Maddison crammed her frustration down with a sigh. “No, I’m sorry. Sometimes the weirdness of it all still gets to me.” She waved at the room through the glass. “It wouldn’t be so bad if so much of it wasn’t so dangerous. We had to worry about stuff like this before the Event, but . . .”
“It wasn’t like this?”
She leaned back against the station. “This is my third field trip just this year, and it isn’t the worst. And no, the public doesn’t know about the other two. One was a potential omega-virus. The other one was a viral curse—it took us too long to figure out it wasn’t biological at all.” She snorted. “It says something that I’m grateful that this one is probably only going to kill a few thousand people if we don’t stop it. And I don’t think we can. Not soon enough.”
Ozma considered her thoughtfully, eyes full of more understanding than should be possible in her young face. “I suppose it would be easier to be an atheist than a theist, in the face of our reality. One doesn’t need to interrogate nature’s motives then, no matter how inexplicable the working of the world may be. But I find that existential discussions are best left for garden parties. Nick Chopper was especially good at them.”
“Nick Chopper?”
“The Tin Man. ‘Is a man still a man, if not one ounce of blood and bone is left in him?’” Ozma laughed,
a ridiculously melodic sound, like crystal bells. “And yes, that’s just what Hope looks like when I say such things. No, her eyes get rounder. And then she reddens because she thinks she’s being impolite. But to turn us back from tin philosophers and garden parties, although we must have one soon . . .”
“Right.” Maddison shook herself, turned to the window. “Shell, tell us what’s happening?”
“Inside the room, outside the room, or cosmically?”
“If I want jokes I’ll go to a comedy club.”

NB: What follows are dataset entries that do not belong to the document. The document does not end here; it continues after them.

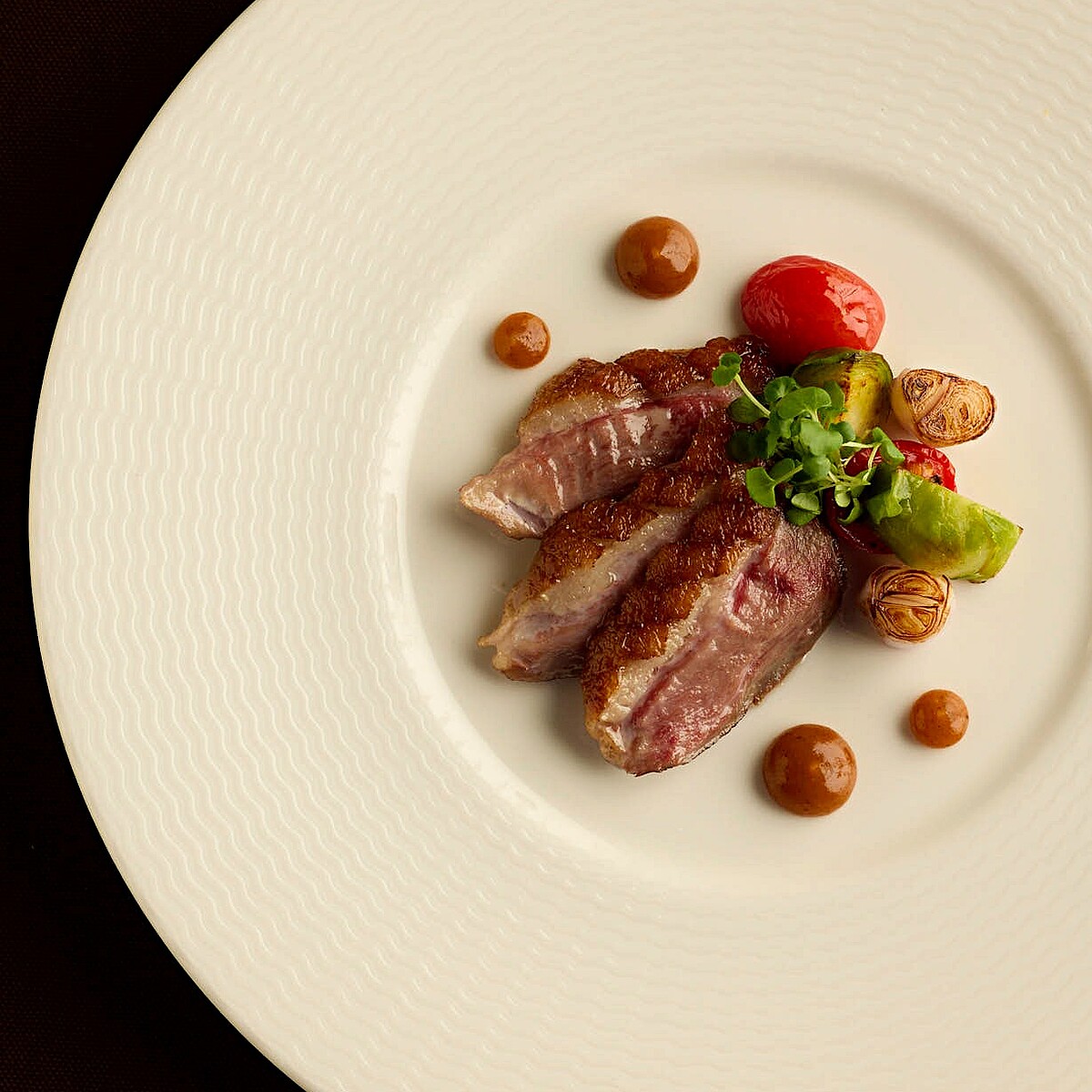 脆皮櫻桃鴨胸 孢子橄欖 南高梅紫蘇醬汁
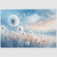 Capture the magic of a breezy day with this whimsical decoupage tissue paper featuring delicate dandelion fluff floating through the air in soft watercolor strokes. The serene blend of blue and white hues creates a dreamy, airy design perfect for nature-inspired DIY projects, rustic decor, and creative upcycling.
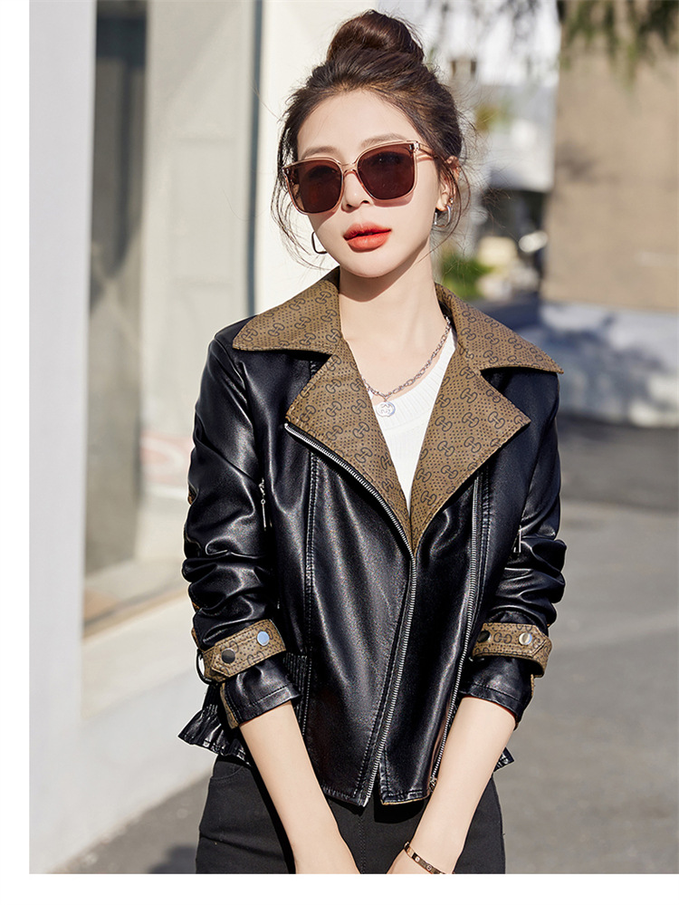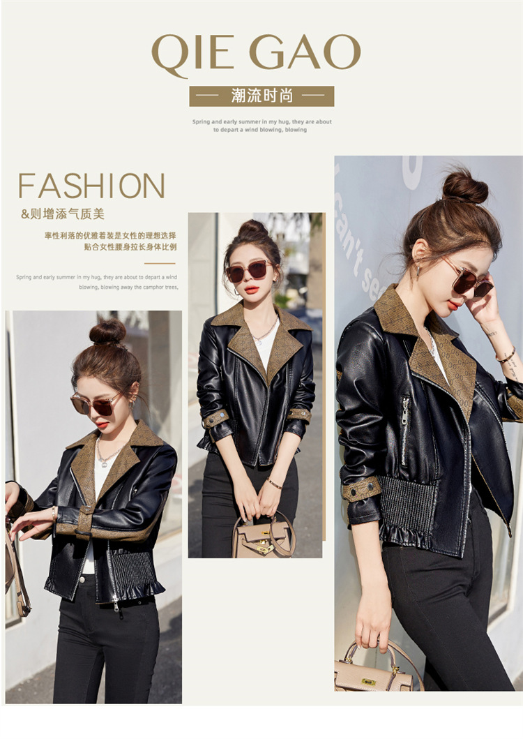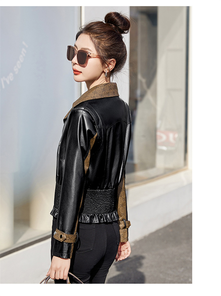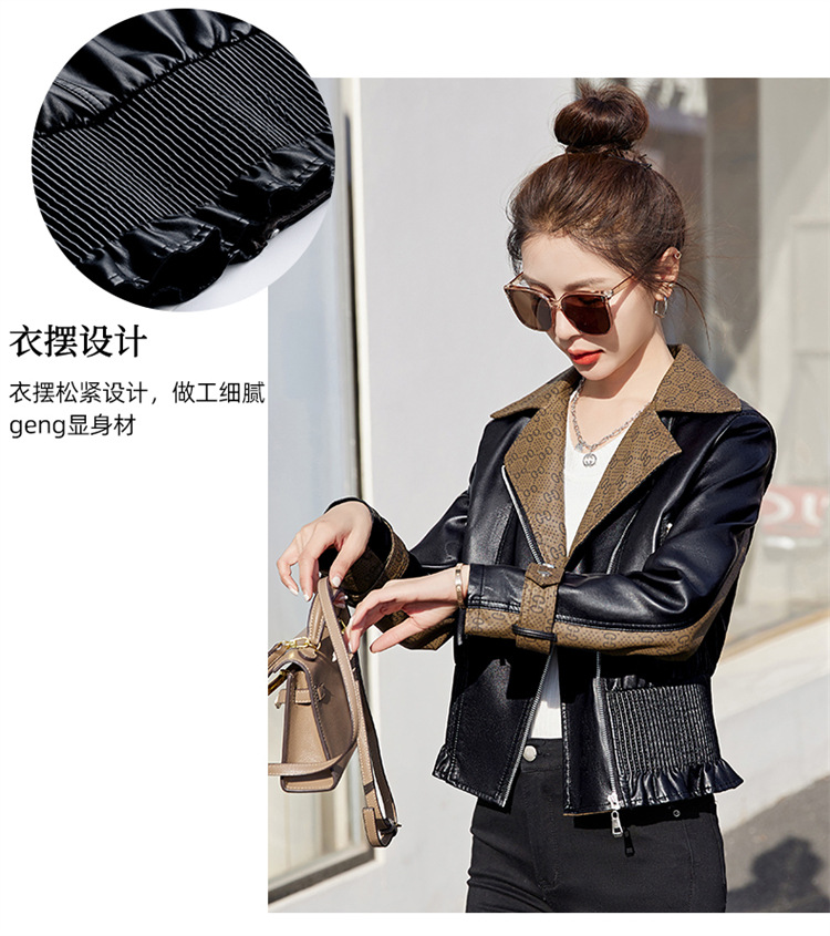欧洲站皮衣外套春季新款韩版修身百搭下摆拉牛筋工艺小皮衣HR-WW880079

It was going to be a long day.
Guided by one of Shell’s virtual icons, Hope found Mal and a full room. Riptide, Watchman, and Crash sat with their injured teammate, the four of them watching TV. And not for entertainment; Tammy Wen of Chicago News looked professionally grave and serious as she ever had.

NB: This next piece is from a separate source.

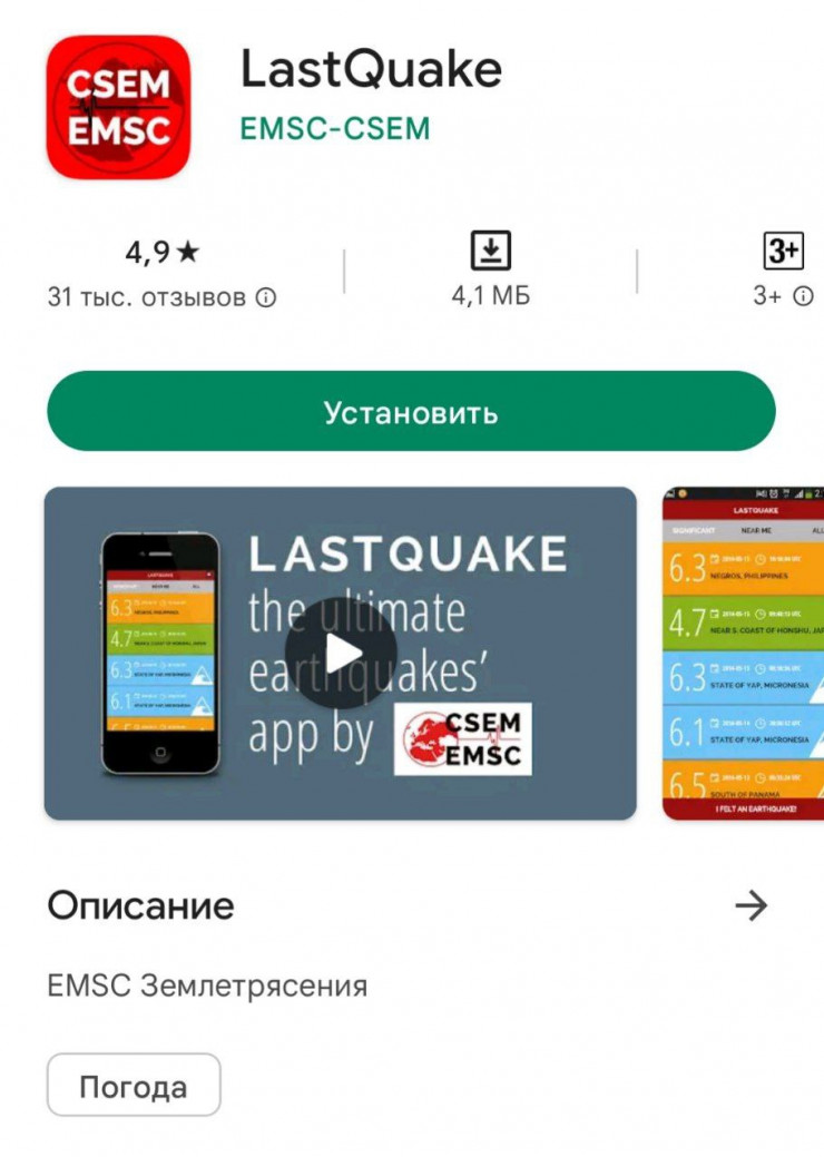 В описании приложения отмечается, что с помощью него можно получить "оповещения о землетрясениях в реальном времени на вашем смартфоне". Также есть реклама и платный контент. У приложения более пяти миллионов скачиваний.
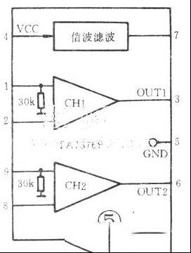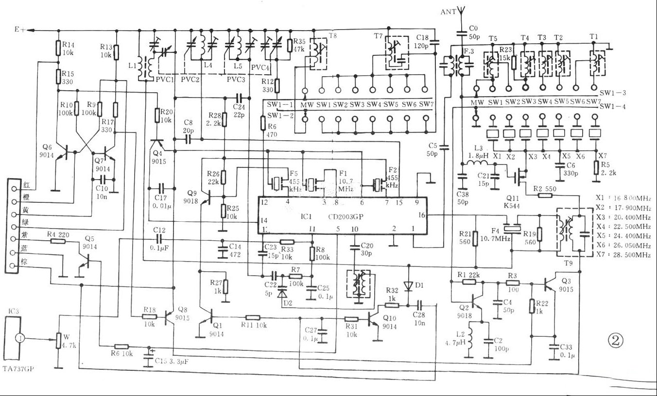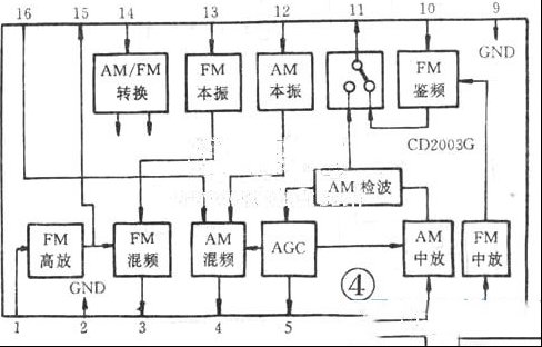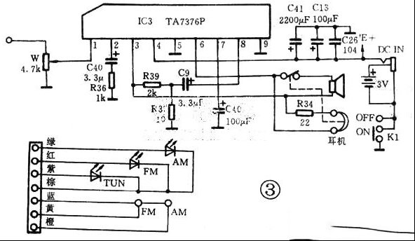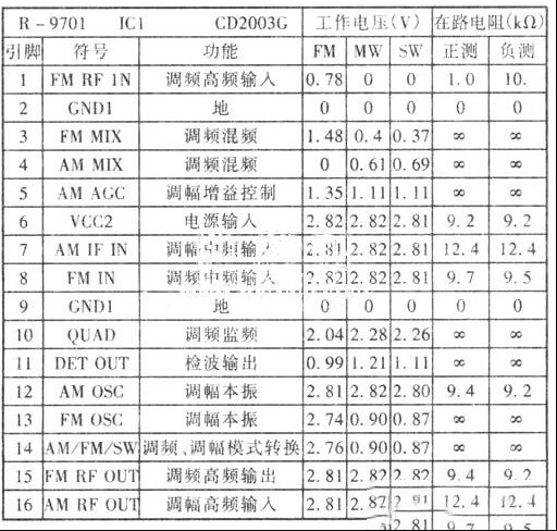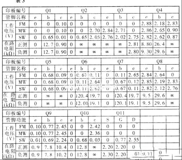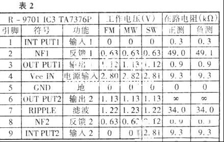 | 接收机的二次变频技木早先主要用于军事通信领域,以后逐渐用于民用通讯设备,如对讲机、移动电话、收信机等。国内将此技术移植于收音机中的德生公司第一家。第一代“短波王”R9700的推出,曾畅销大江南北,此后,又先后推出R9701、R9702等功能更优异,使用更方便的机型。 二次变频技术与传统的超外差式收音机的电路结构比较,见图1所示。 由上图可以看出,二次变频的应用,使收音机的接收灵敏度和选择性等指标大大提高。下面将承前启后的R9701机作一典型介绍。 上图2是德生R9701 AM/FM前级电路图,图3为其功放电路与操作功能显示电路。K1为电源开关。图2中的Q6、Q7等元件组成双稳态电子波段切换开关。由于开机瞬间,C10上的电压不能突变,Q7截止,电源电压E+通过R13、R9使Q6导通,其集电极上的低电平使Q4导通,IC1 14脚输入高电平,于是IC1工作在FM状态。与此同时,Q6集电极外接的FM LED点亮。 拉杆天线ANT接收到的高频信号经CO、F3、C5耦合至IC1①脚。IC1是一片低电压AM/FM收音机专用集成电路,内含AM/FM本振,混频及检波电路,内部结构如图4所示,引脚功能及实测数据如表1所示。 IC1①脚输入的FM信号经内部高频放大从15脚输出,再由PVC2、C8、L4选频后与PVC2同步调谐的本振信号(PvC3、L5、C24、IC1③脚内部元件组成)一起送入混频器。混频后从③脚输出的10.7MHz中频信号再经FM选频并送入IC1⑧脚,经内部中频放大,FM鉴频后通过电子开关选通,从11脚输出鉴频后的音频信号。TuN LED为电台强场指示灯(见图3)。 按动电子波段开关AM时,即相当于给Q6基极一个人为的低电平.Q6截止,FM LED熄灭。同时Q4也因高电平而截止,IC1工作在调幅波段。Q6集电极的高电平又使Q7由截止转为导通,AMLED点亮。由于Q7的导通,Q8导通,Q3截止。这时如果波段开关打在MW波段,SW波段的第一本振管Q2基极被信号短路,Q2截止。这时Q10、D1均截止。中波信号的接收与选频由Ll、PVC1等组成,并经R21送入IC1 16脚。与PvCl同步调谐的本振信号(PVC4、R35、R12、T8等元件组成)从IC1 12、16脚一起输入到混频器.得到455MHz中频信号从IC1 ④脚输出,再经F5、F2选频后从⑦脚输入。由于F5具有一定的插入损耗,信号经Q9作预放大。从⑦脚输入的455kHz中频信号经AM中频放大,检波后,再经电子开关选通从11脚输出检波后的音频信号。 如波段开关打在SW1~SW7任一位置,中波本振线圈T8被切断。拉杆天线ANT接收到的AM信号经C0、F3耦合至波段开关上与T1-T5等元件组成SW段带通滤波器。石英晶体X1~x7与Q2等元件组成SW段第一本振回路。Q2起振后,Q3导通,场效应管Q11得电工作。Q3导通后,Q10、Dl均导通,PVC1调谐回路被短路,可有效防止中波信号进入IC1。从天线接收AM高频信号和第一本振管Q2输出的本振信号一起送入混频级Q11。Q11在这里作混频管。其优点是输入阻抗高,噪声低,动态范围大,基本克服了接收机噪声大,易过载等缺点.还使整机的灵敏度、选择性大大提高。混频后的信号经R2、T9、F4选频得到10.7MHz中频宽带信号进入IC1的11脚。在F4的输出端并有阻尼电阻R21,其通频带≥500kHz,而且通带外衰减很大,它只允许10.7MHz±0.25MHz频带内的信号通过。SW1~SW7每个波段的频带均≤500kHz,因此可将每一个波段的不同信号变频到10.7MHz±0.25MHz范围内。 T7、C18、R35、PVC4、R12等元件组成第二本振回路。振荡信号IC1的12脚输入并与从ICl的16脚输入的第一中频信号一起送入混频器混频,得到的455kHz中频信号从④脚输出。T7为第二本振回路的本振线圈,改变PVC4中的容量可改变第二本振频率,因此可从带宽为500kHz的第一中频信号中找出某一电台频率,并将其变频为455kHz的第二中频信号。从IC1④脚输出的中频信号再经F5,F2选频后从IC1⑦脚输入。虽然本机短波采用了二次变频,但其灵敏度仍比中波接收效果要差一些。加之F5有一定的插入损耗,因此这里加有一级由Q9等元件组成的预放大电路。在SW接收过程中,由于Q2的起振,Q3导通,Ql随之导通。Q1的导通相当于将Q9的发射级直接接地,因此Q9的放大能力加强。从IC1⑦脚输入的中频信号经Ic内部中频放大,AM检波后,再由电子开关选通从11脚输出检波后的音频信号。由于SW波段的第一变频使用了石英晶体,因此第一中频频段就非常稳定。虽然第二次变频仍使用了LC回路,有微小的频偏,但这种频偏仍在其正常范围内,因此它不会产生逃台及飘移,可与PLL系统抗衡。 IC1的11脚输入的音频信号经R33、c12耦合.再由音量电位器w调控并送入音频功放集成电路IC3的1脚见图4。 TA7376P实际上是一片双声道功放集成电路,每声道可输出21mw的有效功率。本机由于没有立体声鉴频能力,故TA7376P设计成BTL工作模式,使得输出功率成倍增大。即使在使用耳机时,IC3仍为BTL工作仿式,两只耳机只不过串联而已,这便是本机唯一的缺憾。TA7376P内部结构如图5所示。引脚功能及实测数据如表2所示。本机各晶体管实测数据如表3所示。 |

“The CDC has verified quarantine conditions in Chicago and identified a modified rabies virus as the pathogen. Due to the virus’s effects CDC Director, Dr. Maddison Clemens, has announced that all known superhumans in the infected region will be tested first, with those who test positive detained until treatment is effective. The CDC has yet to release estimates of how many are so far known to be infected, but has assured the public that outside the restricted zones infection by the virus can be avoided using precautions equivalent to those taken to avoid common STDs.” Below her on the screen, scrolling red text displayed CDC contact numbers and sites.

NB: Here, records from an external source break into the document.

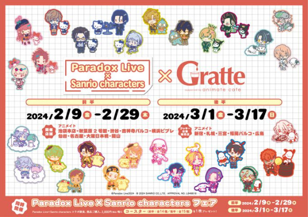 パラライ×サンリオinグラッテ開催!パラライとサンリオキャラのかわいいイラストを使用したグラッテとアイシングクッキーを販売!コラボ飲食、商品購入2,000円(税込)毎に特典コースターをプレゼント!前半14種、後半15種のイラストをラインナップ!。アニメイトコラボカフェ2024!
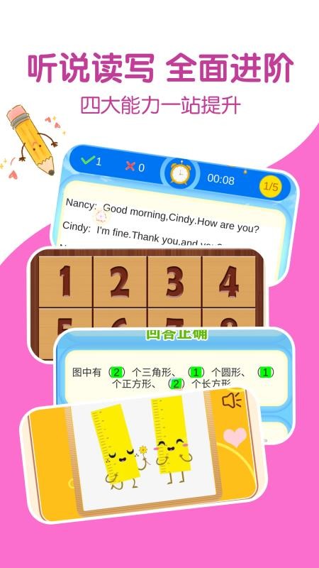 1、字母入门,词汇拓展,单词短句,经典的小学英语教材,全面掌握、培养小学英语阶段。
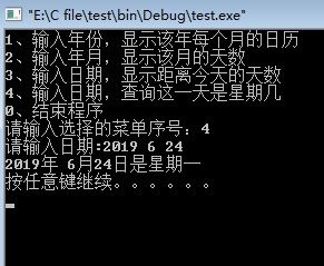 printf("%4d年%2d月%2d日是%s\n按任意键继续。。。。。。\n",year,month,day,getStrWeek(yx,mx,day)),getch();
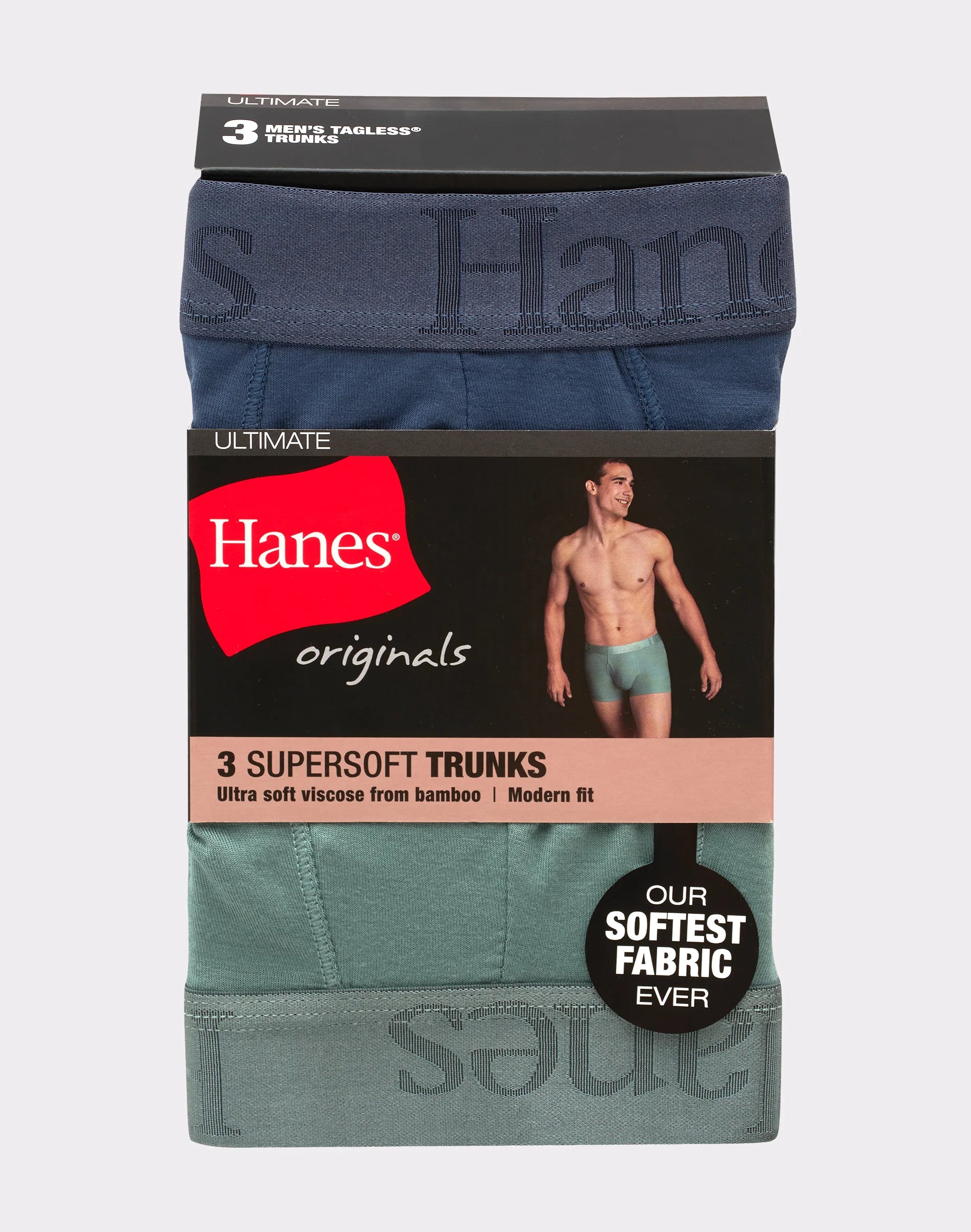 Hanes Originals Ultimate Men's SuperSoft Trunk Underwear, Assorted, 3-Pack

“Chicagoans who have not been contacted and who believe they may be infected are encouraged to call their local police hotline for information—”
Mal turned off the sound and put the remote down. “Hey, boss. Doing a morale visit? I think they need it more outside.” The lower half of his body had been covered by a kind of tent, and Hope didn’t know if it was for medical reasons or to keep him—and everyone else—from staring at his stumps. He saw where her gaze went and grinned. “I’ve run out of one-liners, boss, but I’m going to live. I’m even going to dance—Vulcan’s whipping up my new legs down in his forge.”